Вам не понять, как нас с ума свела эта возможность порыбачить. А может, и понять, если вы побывали на войне. Тогда вы знаете насчет дикой армейской скуки, как там хватаешься за буквально любое развлечение. Я видел двух парней, призванных из запаса, которые чуть не насмерть подрались, дергая друг у друга затрепанный журнальчик.
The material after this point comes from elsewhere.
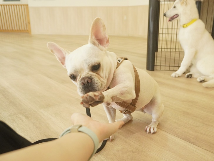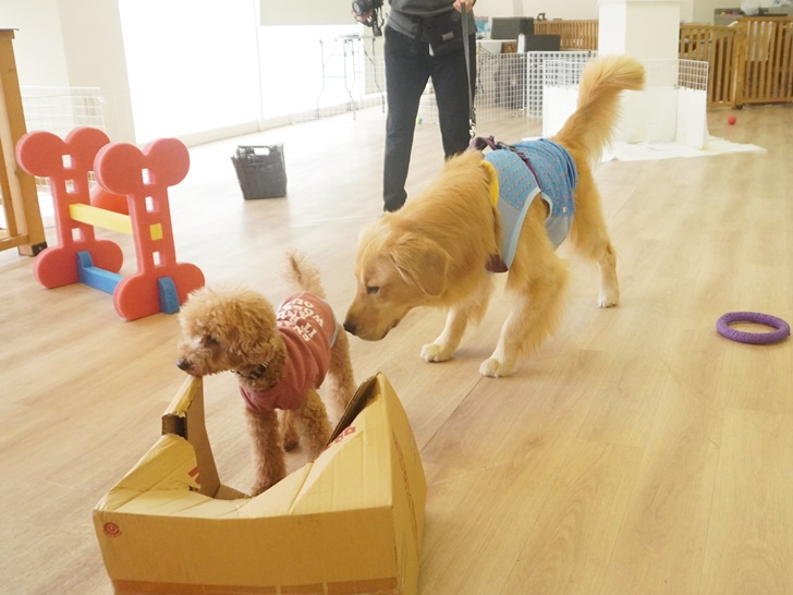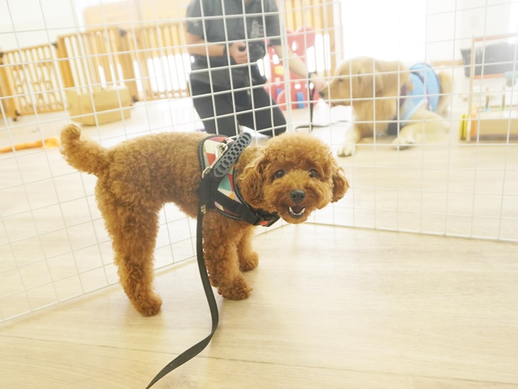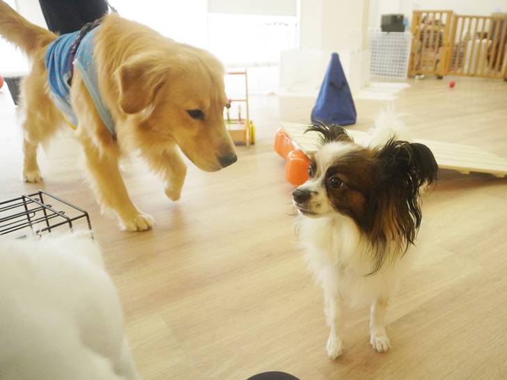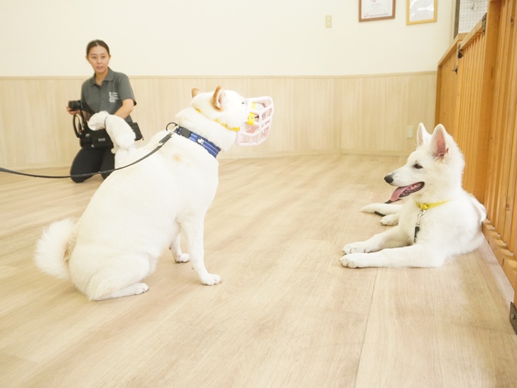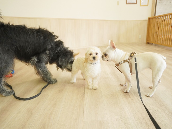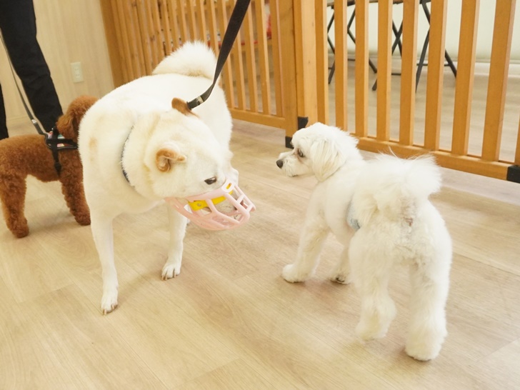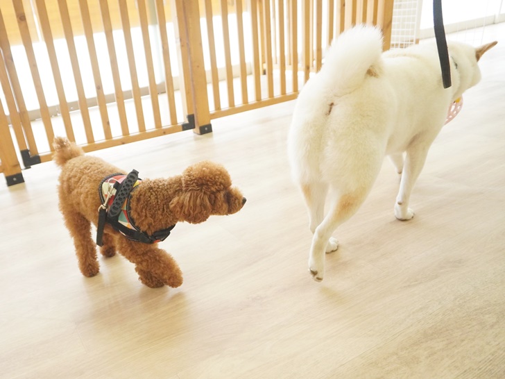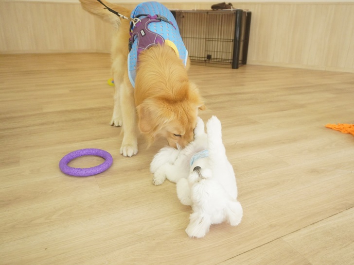 ティーちゃんはかわいい子の登場に「うひゃ~♡」となっていましたが、突進したりすることもなく、スタッフの声を聞きながら、ぱん君のにおいを堪能していましたよ(´艸`*)

И кое-что еще дороже — надежда почти на целый день сбежать от атмосферы солдатских будней. Сидеть под тополями, удить окуней вдали от боевого братства, шума, вони, униформы, командиров, козыряния старшим по званию, зычных окриков сержанта. Рыбалка — дело, противоположное войне. Однако нас лихорадила надежда, но уверенности, что получится, не было никакой. Мог вызнать и на корню пресечь все наши планы сержант либо кто-то из офицеров, и самое плохое — неизвестно было, долго ли нас там продержат (могли оставить на неделю, могли через пару часов отправить маршем). Между тем ничего для рыболовной снасти — ни булавки, ни даже куска крепкой нити — не имелось; все требовалось соорудить с нуля. А рядом пруд, кишевший окунями! Во-первых, нужен был хороший, гибкий прут. Полагалось бы ивовый, но ив, конечно, до горизонта не оказалось. Нобби присмотрел тополек, срезал ветку и обстругал ее складным ножом; вышло не совсем то, но лучше, чем ничего. Запрятав это подобие удилища в гуще травы у берега, мы незаметно прокрались обратно в деревню.